GIVEN INFORMATION -
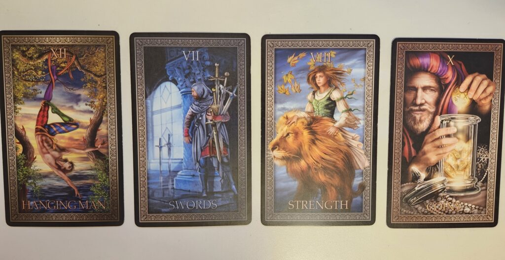 Action, Strength. This Major Arcana card with the strong, yet peaceful lion urges you to recognize your incredible fortitude and the inner strength that has taken you this far in your creative work. Recognize that you might be stronger than you’ve given yourself credit for, and therefore, you are ready and able to tackle a project that arises from your new perspective and insights. Trust yourself and your abilities.
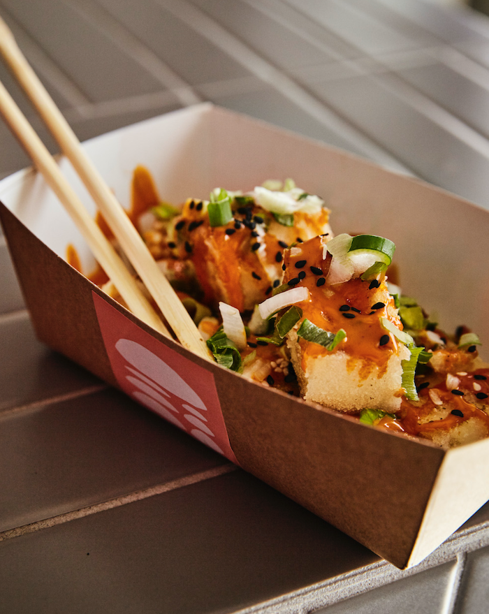 Varme retter som dobbeltstegt tofu med chilimayo og nudler i spicy peanutsauce med kål, gulerødder, agurk og knuste peanuts giver yderligere dybde til menuen.
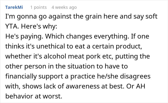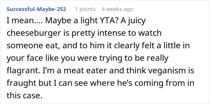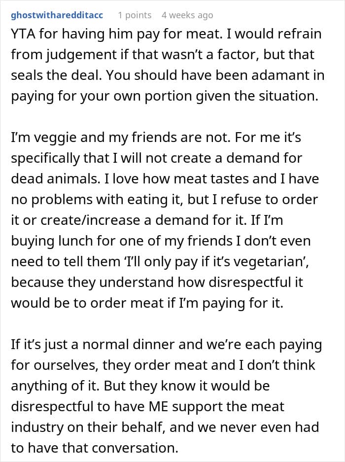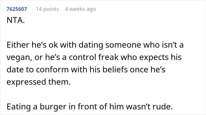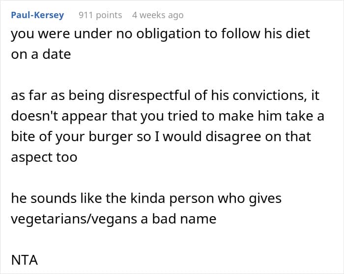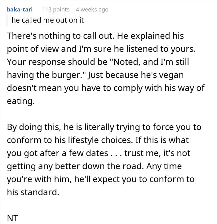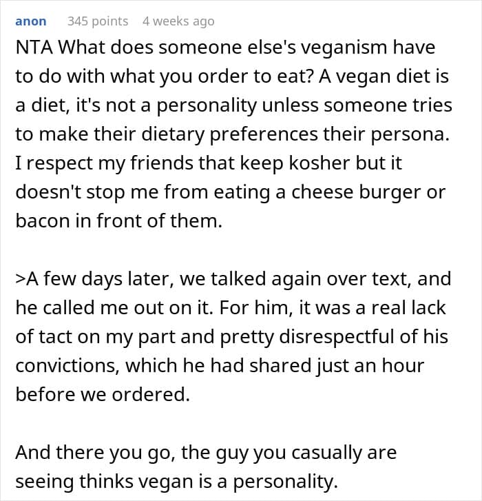 It’s one this Redditor has been mulling over after a third date with a guy she described as “funny, brilliant, and intelligent” didn’t quite go as planned. During the meal, he casually mentioned he was vegan, which she took in stride. But when it came time to order, the woman didn’t think twice about getting a burger.
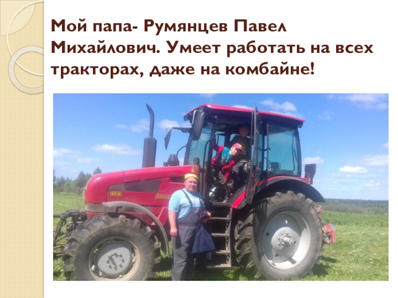 Слайд 4Мой папа- Румянцев Павел Михайлович. Умеет работать на всех тракторах, даже
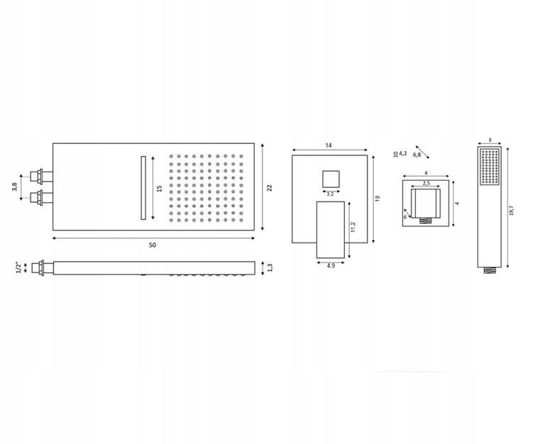 EBOX CONCESSED SET CASCADE RAIN SHOWER
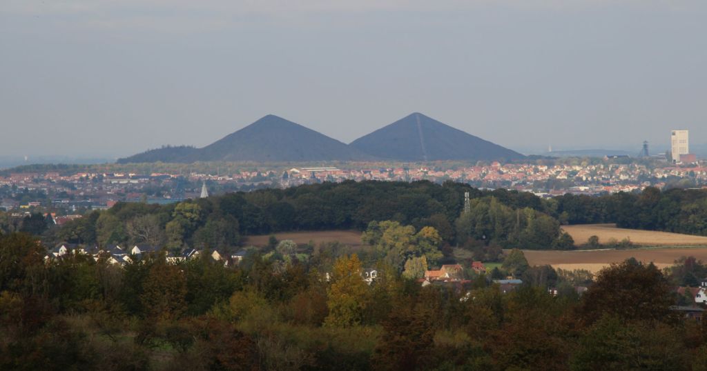 Afbeelding 6: Naast lucht, water en bodem laat de industrie ook haar sporen na in het landschap. De kegelvormige mijnsteenbergen van de steenkolenwinning zijn daar het bekendste voorbeeld van.

WORK INSTRUCTION - For this exercise, transcribe the entries above exactly, without any pictures.

SOLUTION BELOW -
 Action, Strength. This Major Arcana card with the strong, yet peaceful lion urges you to recognize your incredible fortitude and the inner strength that has taken you this far in your creative work. Recognize that you might be stronger than you’ve given yourself credit for, and therefore, you are ready and able to tackle a project that arises from your new perspective and insights. Trust yourself and your abilities.
 Varme retter som dobbeltstegt tofu med chilimayo og nudler i spicy peanutsauce med kål, gulerødder, agurk og knuste peanuts giver yderligere dybde til menuen.
 It’s one this Redditor has been mulling over after a third date with a guy she described as “funny, brilliant, and intelligent” didn’t quite go as planned. During the meal, he casually mentioned he was vegan, which she took in stride. But when it came time to order, the woman didn’t think twice about getting a burger.
 Слайд 4Мой папа- Румянцев Павел Михайлович. Умеет работать на всех тракторах, даже
 EBOX CONCESSED SET CASCADE RAIN SHOWER
 Afbeelding 6: Naast lucht, water en bodem laat de industrie ook haar sporen na in het landschap. De kegelvormige mijnsteenbergen van de steenkolenwinning zijn daar het bekendste voorbeeld van.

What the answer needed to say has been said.